Expensify / App

Welcome to New Expensify: a complete re-imagination of financial collaboration, centered around chat. Help us build the next generation of Expensify by sharing feedback and contributing to the code.
https://new.expensify.com
MIT License
3.47k stars 2.82k forks source link

Investigate workflow job failing on main: e2ePerformanceTests / Run E2E tests in AWS device farm #48824

Open github-actions[bot] opened 1 month ago

github-actions[bot] commented 1 month ago

🚨 Failure Summary 🚨:

⚠️ Action Required ⚠️:

🛠️ A recent merge appears to have caused a failure in the job named e2ePerformanceTests / Run E2E tests in AWS device farm. This issue has been automatically created and labeled with Workflow Failure for investigation.

👀 Please look into the following:

  1. Why the PR caused the job to fail?
  2. Address any underlying issues.

🐛 We appreciate your help in squashing this bug!

Issue OwnerCurrent Issue Owner: @kirillzyusko
dangrous commented 1 month ago

sending to the experts! https://expensify.slack.com/archives/C035J5C9FAP/p1726004032791809

dangrous commented 1 month ago

Investigation in process!

dangrous commented 1 month ago

Working on getting the logs. It's not related to the linked PR, but keeping this open as a daily for that investigation

melvin-bot[bot] commented 3 weeks ago

@dangrous Whoops! This issue is 2 days overdue. Let's get this updated quick!

dangrous commented 3 weeks ago

margelo team is on it I believe, in that same slack thread. @kirillzyusko let me know if you want me to assign you here!

kirillzyusko commented 3 weeks ago

@dangrous yeah, feel free to assign me on this!

melvin-bot[bot] commented 2 weeks ago

@dangrous, @kirillzyusko Eep! 4 days overdue now. Issues have feelings too...

kirillzyusko commented 2 weeks ago

It failed because of timeout issue (we hit a limit of 5400s) - 1.5h.

I think we merged a PR https://github.com/Expensify/App/pull/47777 which increases it to 7200 (2h). Do you think we can close the issue?
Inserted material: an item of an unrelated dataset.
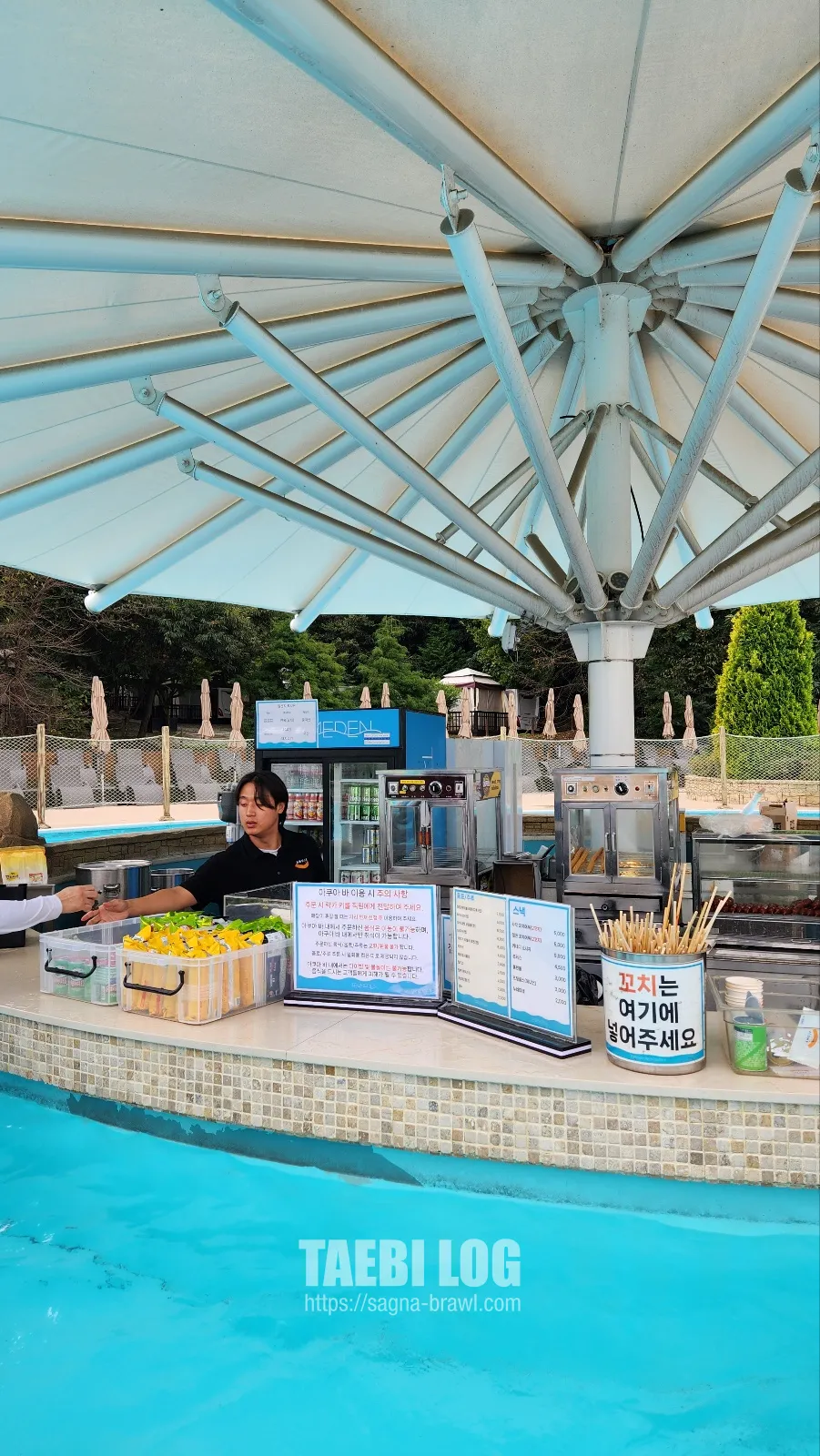 인피니티풀에는 야외 아쿠아바도 있습니다. 저와 와이프는 점심을 먹는대신, 이곳에서 핫도그와 어묵을 사 먹었습니다. 먹는 곳은 따뜻한 물이 엉덩이까지밖에 오지 않기 때문에 상당히 춥습니다. 그래서 어떻게 어묵과 핫도그를 먹었는지 잘 기억나지 않습니다 ^ㅡ^;;

dangrous commented 2 weeks ago

It looks from the screengrab that it crashed though, right? And that's what caused the timeout since the app never reopened? We should see if we can figure out what that crash was....

kirillzyusko commented 2 weeks ago

@dangrous yeah, you are right, but from my observation:

In fact in out e2e tests we allow test to crash 3 times during its 60 runs. And we are relying on this fact. The problem is that when test crashes, then we are waiting 5 mins to force quit it (we have 5 mins timeout for a test). And if we get 2 random failures in any test, it will result in 10 minutes overhead for 1 test-suite. We have 5 test suites, so potentially retrying mechanism can add ~50 minutes for our test run 🤷‍♂️ And I think because of that we hit a limit in this particular test.
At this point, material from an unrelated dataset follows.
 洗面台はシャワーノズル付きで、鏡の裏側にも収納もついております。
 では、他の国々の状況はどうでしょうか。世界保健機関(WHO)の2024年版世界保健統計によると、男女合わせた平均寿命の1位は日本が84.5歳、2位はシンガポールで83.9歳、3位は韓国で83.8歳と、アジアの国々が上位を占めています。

One of the things to optimize it I've been thinking of is reducing the timeout interval (from 5 minutes to 2.5 minutes). But I think we need to ask @hannojg why such relatively big timeout was chosen for e2e tests?
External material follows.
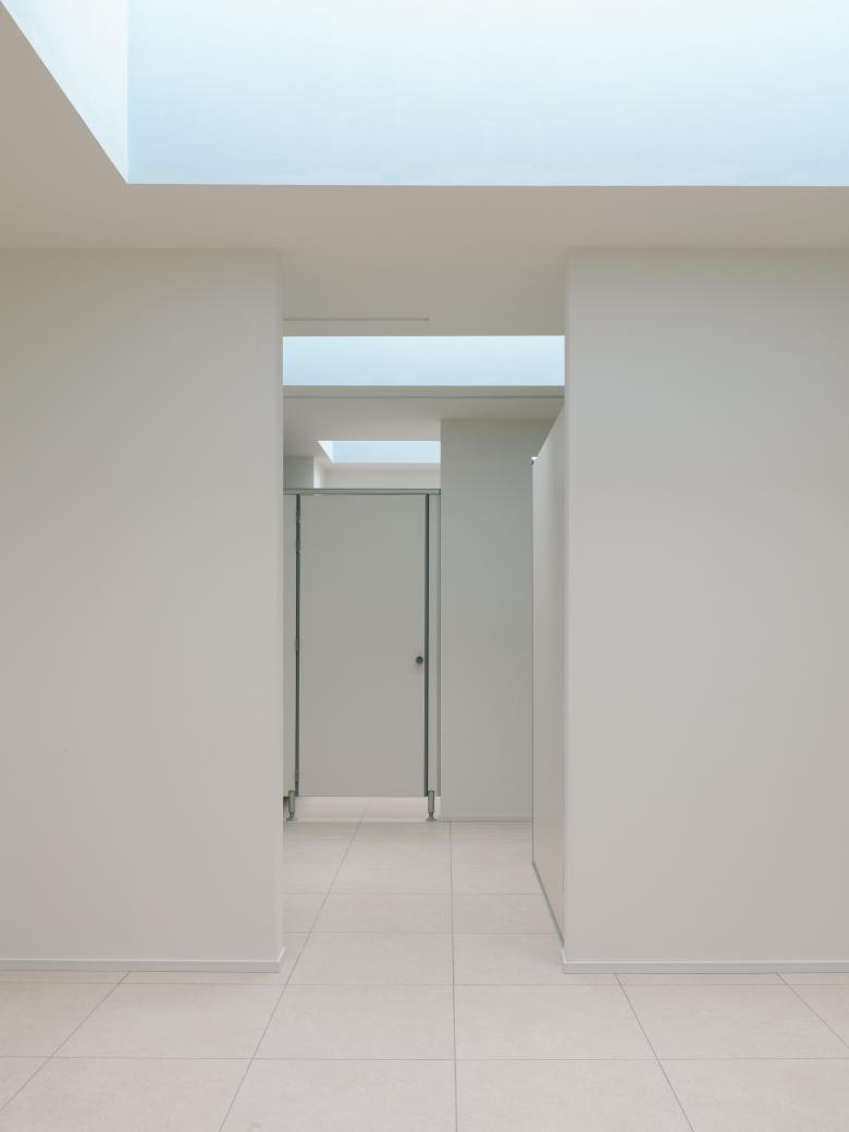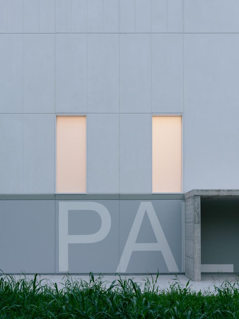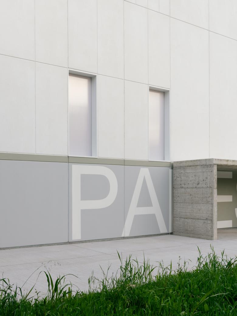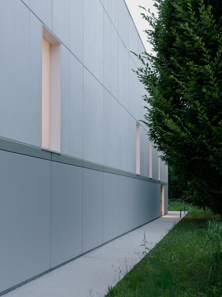 On the shorter side, a gradual abstraction of the façade elements occurs, culminating in the elevation facing the green system, where small irregular openings dematerialize the façade—except for one large selective opening oriented towards two symbolic landmarks of the community: the bell tower and the chimney.

dangrous commented 1 week ago

oh okay that makes sense - yeah I feel like we could even go shorter than 2.5 mins - I feel like if something is hanging for more than, say, 1 minute, then something is wrong enough that we should look at it. But curious what @hannojg thinks. Or if he's still OOO I think we can close this in the meantime

hannojg commented 1 week ago

Agree, we can definitely make this timeout interval shorter!

dangrous commented 1 week ago

Great! @kirillzyusko do you want to put up a PR to drop that timeout, maybe start with 2.5 mins and we see how that one goes? Probably could go even shorter but maybe that's a good starting point

hannojg commented 1 week ago

Kiryl is OOO, and will be back next week to pick this one up!

melvin-bot[bot] commented 1 week ago

@dangrous, @kirillzyusko Uh oh! This issue is overdue by 2 days. Don't forget to update your issues!

melvin-bot[bot] commented 6 days ago

@dangrous, @kirillzyusko 6 days overdue. This is scarier than being forced to listen to Vogon poetry!

dangrous commented 4 days ago

@kirillzyusko let us know when you're back and can knock out the timeout adjustment!

kirillzyusko commented 4 days ago

@dangrous here is a PR: https://github.com/Expensify/App/pull/50512 👀